When a protected view is accessed by a client, it will check to see if the request includes authentication credentials in an `Authorization` header. If there are no such credentials, the application will respond immediately with a `401 Unauthorized` response which includes a `WWW-Authenticate` header field with a value of `NTLM` indicating to the client that they are currently unauthorized, but that they can authenticate using Negotiate authentication.

If credentials are presented in the `Authorization` header, the credentials will be validated, the principal of the authenticating user will be extracted, and the protected view will be called with the extracted principal passed in as the first argument.

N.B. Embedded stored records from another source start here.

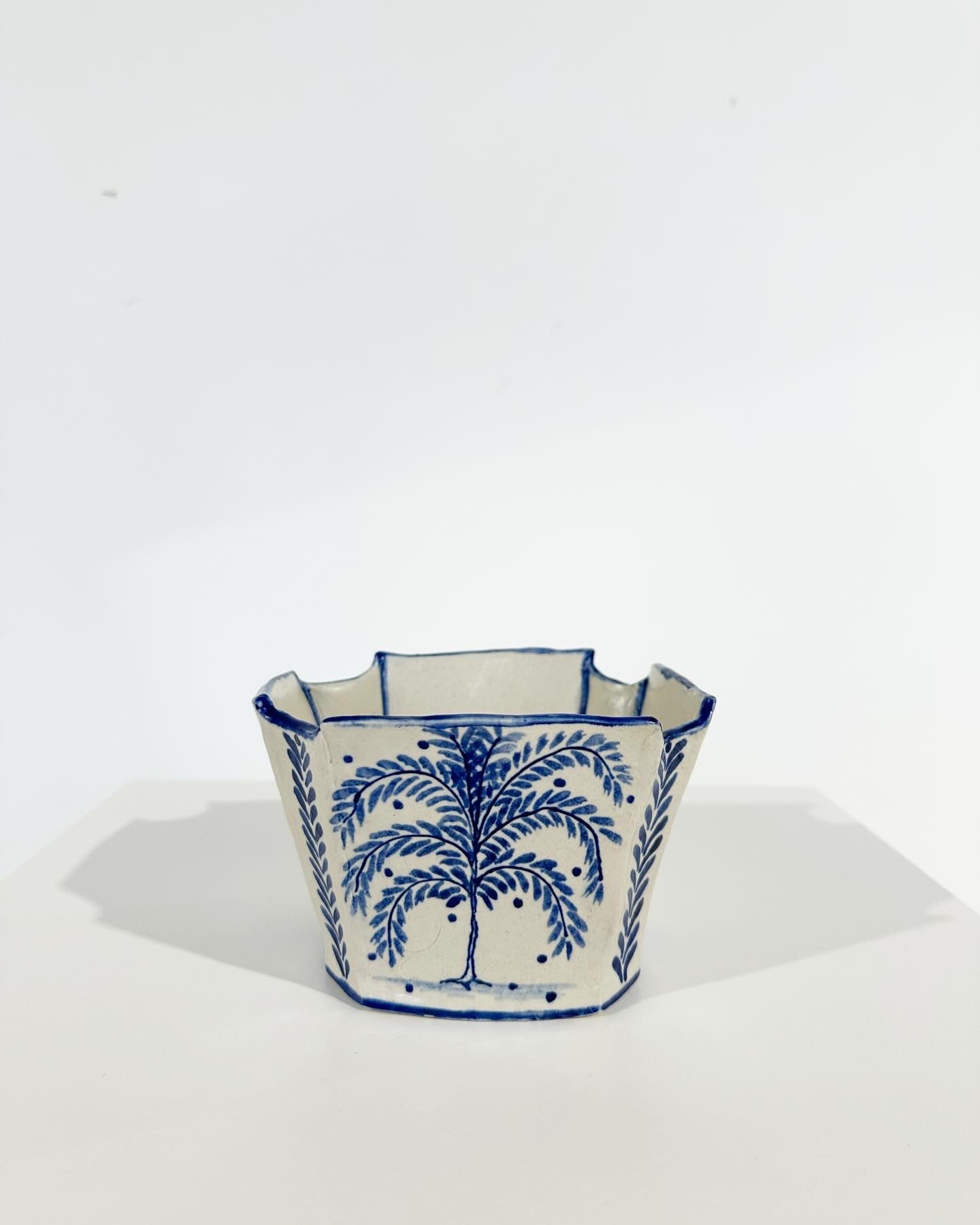 The Country Gentleman Collection by artist Maggie Robertson is a beautiful series of one-of-a-kind stoneware vessels. Each unique piece embraces the seams and irregularities of her hand-built technique complemented by intricate, hand-painted scenes of the English countryside in classic blue and white. The vessels are water tight and food safe, microwaveable and dishwasher safe; however, as they are art pieces and fragile, we would recommend hand washing.
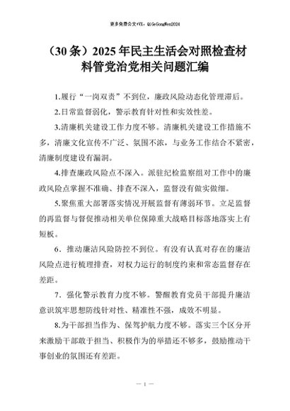 【七哥公文】2026年:(30条)2025年民主生活会对照检查材料管党治党相关问题汇编+更多免费公文+VX:QiGeGongWen2024
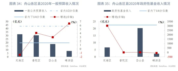 舟山市各区县一般预算收入规模较小,全部处于全省后50%,一般预算收入除定海区外全部实现正增长,其中,定海区以32亿元的规模位居舟山市第一,同比减少1.5%;嵊泗县规模最小,仅为8亿元,且与其他区县差距较大。政府性基金收入方面,各区县规模均位于全省后25%,岱山县以20亿元的规模位列舟山市第一,增速为15.6%。
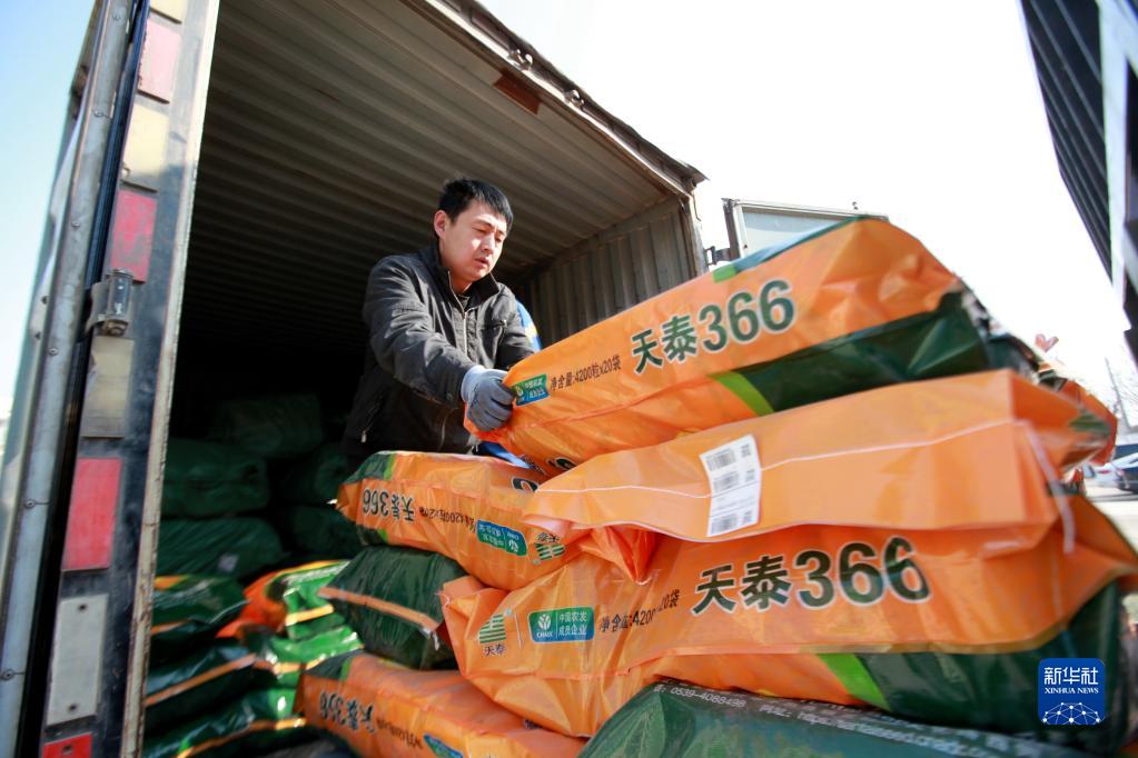 2月16日,在山東省臨沂市平邑縣一家種業(yè)公司,工人將玉米種裝車(chē)外運。
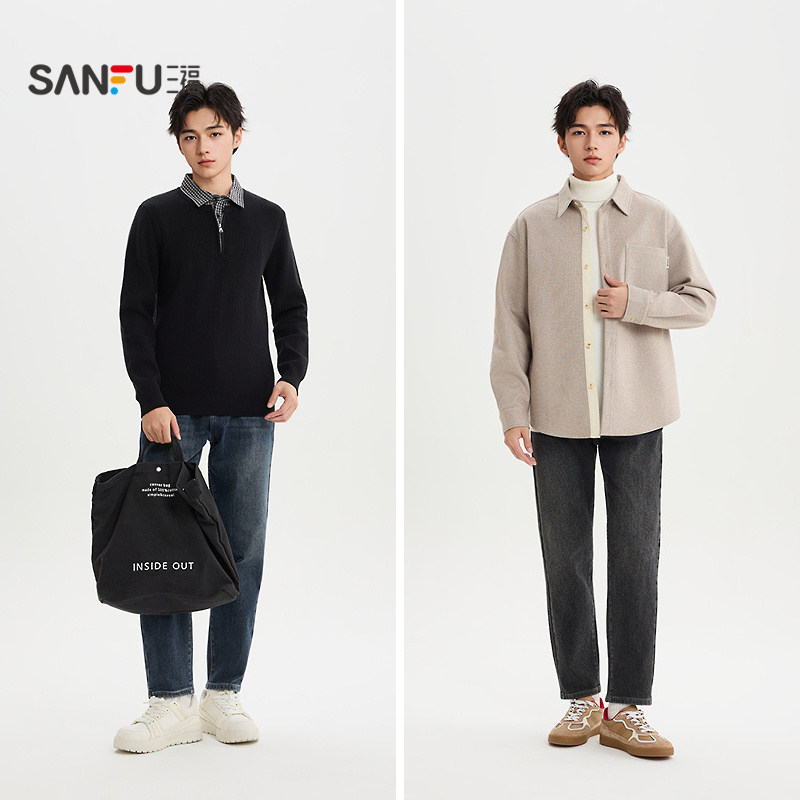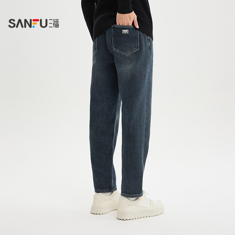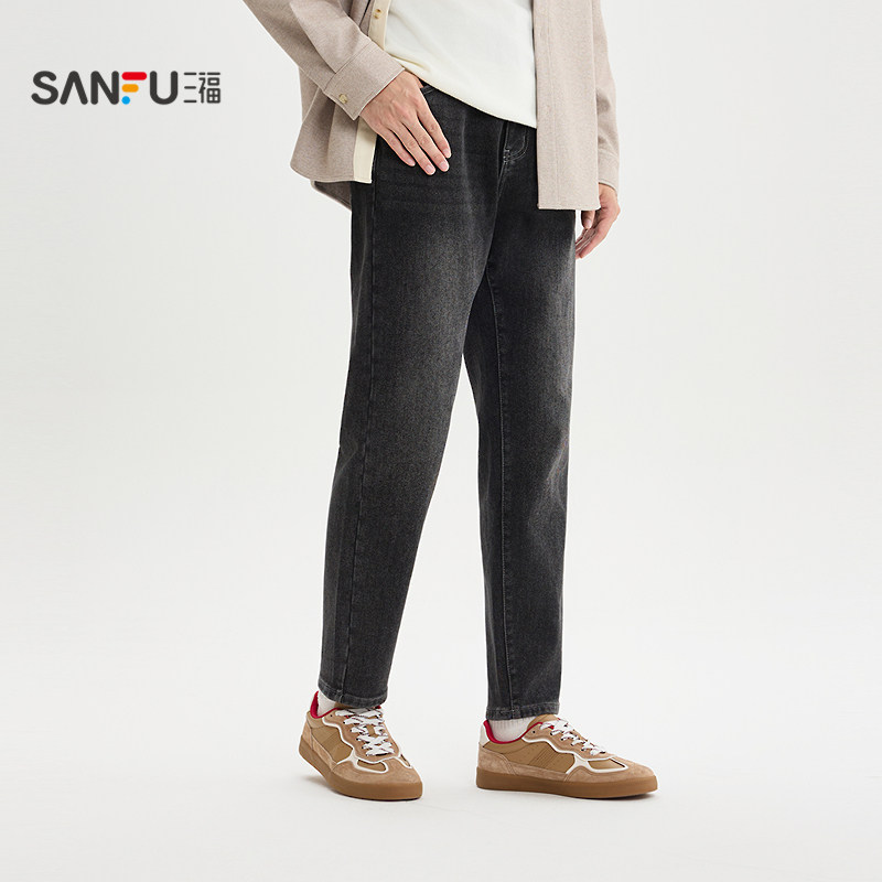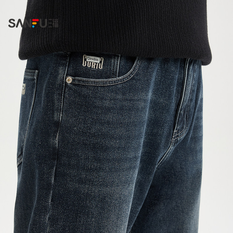 三福2025冬季男士经典洗水半松紧腰牛仔裤 合身小脚长裤511963

Once the protected view returns, a `WWW-Authenticate` header will be added to the response which can then be used by the client to authenticate the server. This is known as mutual authentication.

SSPI also has the ability to serve the value `Negotiate` from the `WWW-Authenticate` header. This has not been implemented but could be in the future with the help of the community.

## Full Example

To see a simple example, you can download the code [from github](http://github.com/ceprio/flask-sspi). It is in the example directory.

## Decorators that can be used

| Decorator                  | Description |
|----------------------------|-------------|
| `@authenticate`            | The user must have been identified. |
| `Impersonate`              | Context class to impersonate the connecting user: The user's credentials will be used to execute the route function. Use this to access a database under the user's name per example. **Important:** I could not get this to work with an external database as it requires a trusted connection between the web server and the SQL database (which I don't have). It should work with a database located on the same computer. |
| `@requires_authentication` | Same as login_required but the `user` parameter needs to be specified in the arguments of the route function. **user** will contain the name of the logged user. Kept for backward compatibility. |

For all `flask_sspi` decorators, a `g.current_user` entry is created and accessible within the route function. Within HTML templates the variable `current_user` is also defined if `init_sspi` is used.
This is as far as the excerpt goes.